In order to investigate bacterial genomes, by IGtools software [3, 6] we computed statistical indices and specific genomic dictionaries, containing spectral segments and RES [4], and we visualize genome similarity by matrices reporting the normalized Jaccard index. These concepts are detailed in the following of this section.

3.1 Theoretical Background

Genomes are formalized by long strings over the alphabet \(\varGamma =\{a,c,g,t\}\). In this framework, words, dictionaries and distributions are key instruments to represent genomes. Dictionary \(D_k\) collects all distinct k-mers of a string, and it may be split into two disjoint dictionaries: \(H_k\) the set of words appearing exactly once (hapaxes [6]) and \(R_k\) the set of words appearing more than once (repeats). Dictionary \(F_k\) collects forbidden k-mers, all those k-long words generated from the same alphabet that do not appear in the genome. Of course, by definition, \(D_{k} = H_{k} \cup R_{k}\) and \(\varGamma ^{k} = D_{k} \cup F_{k}\).

A genome G is often represented by the distribution of k-mers within it. Among the others [11, 17], here we recall the k-spectrum distribution, where each k-mer \(\alpha \) of \(D_k\) is associated to its multiplicity \(multG (\alpha )\) (i.e., the number of times it occurs in the genome). The k-spectrum of a genome G is defined as

$$ Spec_{k} (G)=\{ (\alpha ,multG (\alpha ))| \alpha \in D_{k}\}.$$

Two k-mers of a couple \((\alpha ,\beta )\) from \(D_k \times D_k\) are k-concatenated if the (\(k-1\))-length suffix of \(\alpha \) equals the (\(k-1\))-length prefix of \(\beta \). Given \(\alpha =x\gamma \) and \(\beta =\gamma y\), where x and y belong to \(\varGamma \), there is a right elongation of \(\alpha \) by the symbol y, resulting in \(\alpha y\). If only one k-mer \(\beta \) elongates \(\alpha \) along the genome, just one possible symbol y follows \(\alpha \) and then the k-mer \(\alpha \) is a RES (uniquely right-extendable string).

To assemble spectral segments, RES are iteratively concatenated, until more than one distinct k-mer of the spectrum competes for concatenation. In [4] some procedures were proposed to construct spectral segments, as words whose factors of length k are all RES, each occurring at most as many times as it does on the genome G. This constrain naturally reduces the number of different resulting spectral segments. However, it does not guarantee that they occur in the original genome.

A spectral segment is constructed by k-concatenation (that is, along with an overlap long \(k-1\)) of \(RES_k\) (which are collected in the dictionary \(U_{k}\)). It is elongated to the right until there are no more distinct \(RES_k\) capable of doing so or the multiplicity of them runs out. Hence, spectral segments are defined as maximally uniquely elongated strings from \(RES_k\). All these spectral segments of variable length are collected in \(Sp_k\).
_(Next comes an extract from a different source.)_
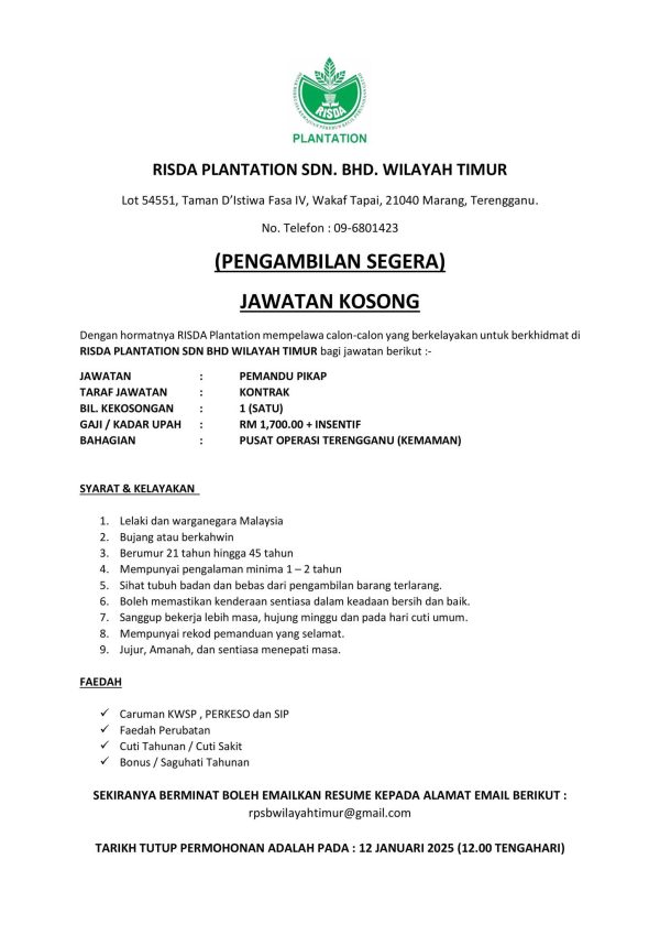 Iklan Kini Jawatan Kosong Risda Plantation Sdn Bhd Like serta Ikut Facebook Kami, follow Chanel WhatsApp Jawatan Kosong & Telegram Portal SPA9 untuk capaian pantas kekosongan jawatan daripada kami sekarang. Klik Iklan Jawatan

As final remarks, we may point out that RES is a stronger concept than hapax, and that the concept of k-spectrum is behind the construction of spectral segments. Indeed, an hapax is univocally elongated over the genome since it occurs once, while RES is elongated by the same symbol in its multiple occurrences, and spectral segments are constructed consistently to the multiplicity of each k-mer in the spectrum, by means of k-concatenation.

3.2 IGtool Software

The whole procedure of extraction of spectral segments and RES from a genome G has been executed by IGtools software [3]. Bacterial genomic strings are input to the software in the form of FASTA files. It outputs three different sources of information: statistical indices, RES dictionaries (\(U_k\)) and spectral segments dictionaries (\(Sp_k\)) for a value of k in the interval defined at the beginning. Namely, it calculates for each sequence eight indices: \(|D_{k}|\), \(|H_{k}|\), \(|U_{k}|\), \(|U_{k}|/|D_{k}|\), \(coverage (U_{k}, G)\), the number of spectral segments, the maximum length, and the mean length among spectral segments.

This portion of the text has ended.